In previous years, Guillermo del Toro's 'Nightmare Alley' could have been a contender.

It may be a Best Picture Oscar nominee this year but its hopes of taking the top prize are faint, at best.

Why is that so?

'Nightmare Alley' is arguably the most stylish of the ten nominees.

It boasts an accomplished cast who turn in terrific performances.


But in a year when 'The Power of the Dog' and 'CODA' - and to some extent 'Belfast'  - have grabbed all the attention, it hasn't really figured as an awards season frontrunner.

Maybe Hollywood feels with 'The Shape of Water's Best Picture Oscar win in 2018, del Toro has had his time in the sun.

Adapted for the big screen by the Mexican director and Kim Morgan from William Lindsey Gresham's 1946 novel of the same name, 'Nightmare Alley' is a neo-noir tale of confidence tricksters in a travelling carnival.

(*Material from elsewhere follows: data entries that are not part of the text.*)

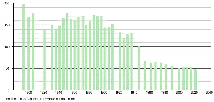 L'évolution du nombre d'habitants est connue à travers les recensements de la population effectués dans la commune depuis 1793. Pour les communes de moins de 10 000 habitants, une enquête de recensement portant sur toute la population est réalisée tous les cinq ans, les populations légales des années intermédiaires étant quant à elles estimées par interpolation ou extrapolation[35]. Pour la commune, le premier recensement exhaustif entrant dans le cadre du nouveau dispositif a été réalisé en 2005[36].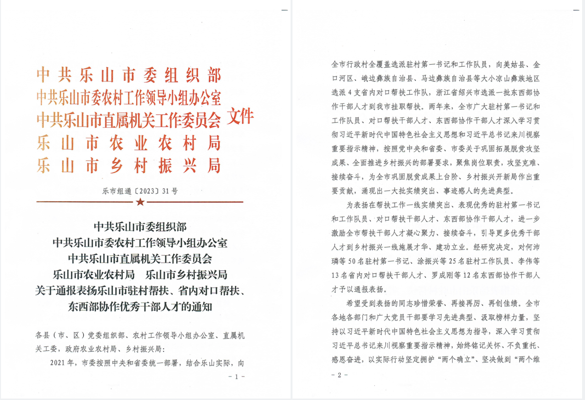 根據(jù)(樂市組通【2023】31號)文件精神,中共樂山市委組織部、中共樂山市委農(nóng)村工作領(lǐng)導(dǎo)小組辦公室等6單位發(fā)文對全市50名駐村第一書記、25名駐村工作隊員、13名省內(nèi)對口幫扶干部人才、12名東西部協(xié)作干部人才進(jìn)行通報表揚,我公司駐峨邊縣沙坪鎮(zhèn)河溝村工作隊員王德波同志榜上有名、被予表揚。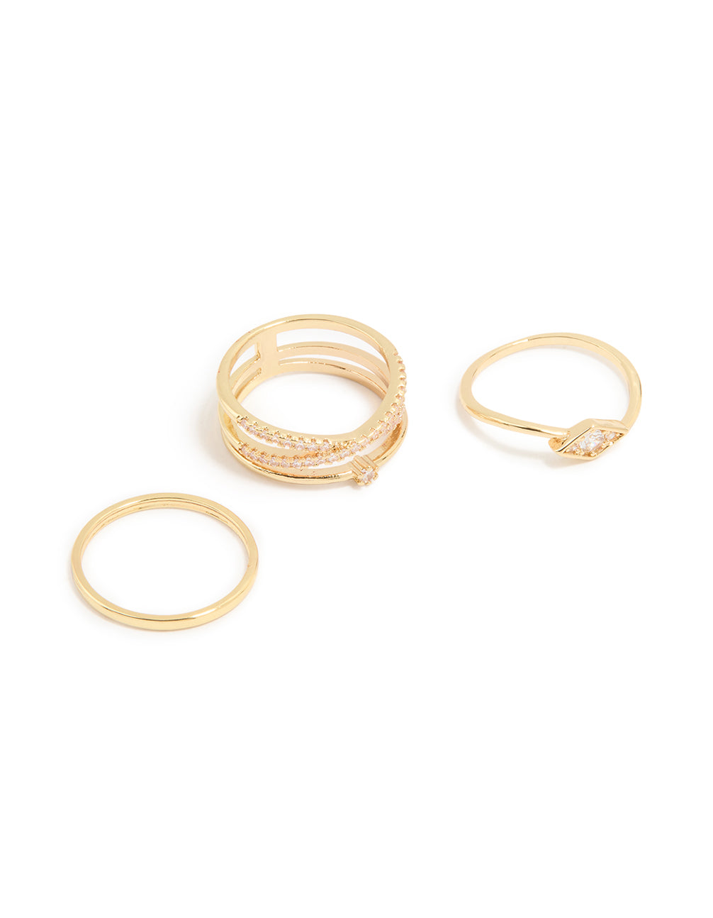 Add a splash of sparkle and style to your jewellery collection with this Gold Plated Cubic Zirconia Plain & Evil Eye Rings Pack. This elegant ring set includes four stunning designs: a sleek gold-plated thin band, a layered criss-cross cubic zirconia ring, a cubic zirconia centrepiece ring, and a cubic zirconia evil eye ring. Perfect for stacking or wearing individually, these rings combine modern charm with timeless gold plating and dazzling cubic zirconia crystals for a chic, polished look.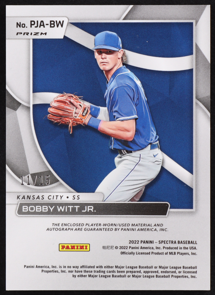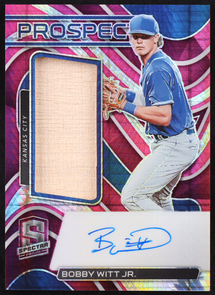 Bobby Witt Jr. 2022 Panini Chronicles Spectra Prospect Jersey Autographs Neon Pink #15 RC #11/15

Set in 1939, a perfectly cast Bradley Cooper plays Stan Carlisle, a drifter who observes a gruesome show at carnival in which a wild man eats a live chicken.


Rooney Mara's performer Molly Cahill also catches his eye and after wandering offstage, he manages to secure work from Willem Dafoe's owner Clem Hoatley at the carnival.

He starts assisting Toni Collette's Madame Zeena who purports to be a clairvoyant and her alcoholic husband, David Strathairn's Pete.

It's a confidence trick, of course and Zeena is also only too eager to take on Stan as she is immediately attracted to him.

As Pete struggles to keep sober, Stan absorbs all the tricks of their trade, including the coded language they have devised to help work out their audience.


Stan also learns the wild men that Clem touts are actually alcoholics hooked on an opium based drink he has concocted.

One night, Pete asks Stan to get him booze and he subsequently dies.

With a sheriff threatening to shut the operation down, Stan uses the fake mind reading skills he has learned from Pete and Zeena to change the lawman's mind and saves the carnival from closure.

Two years later, he has built a career as a psychic who performs for the wealthy in Buffalo, with Molly serving as his assistant.


However during one performance, Cate Blanchett's psychologist Dr Lilith Ritter interrupts proceedings and sets about exposing his act as a confidence trick.

After besting her and performing a cold reading on Peter MacNeill's Judge Charles Kimball, he is approached by the judge and his wife, Mary Steenburgen's Felicia to help make contact with their son who died during World War I in a private session.

Molly is unsure this is wise but Stan agrees.

Ritter, meanwhile, persuades Stan to undergo a psychological session in which he will reveal details about his past in return for information about the judge.


After the judge's reading goes well, he offers to split the profits with Ritter with whom he embarks on an affair but she refuses, agreeing to hide the money instead from Molly.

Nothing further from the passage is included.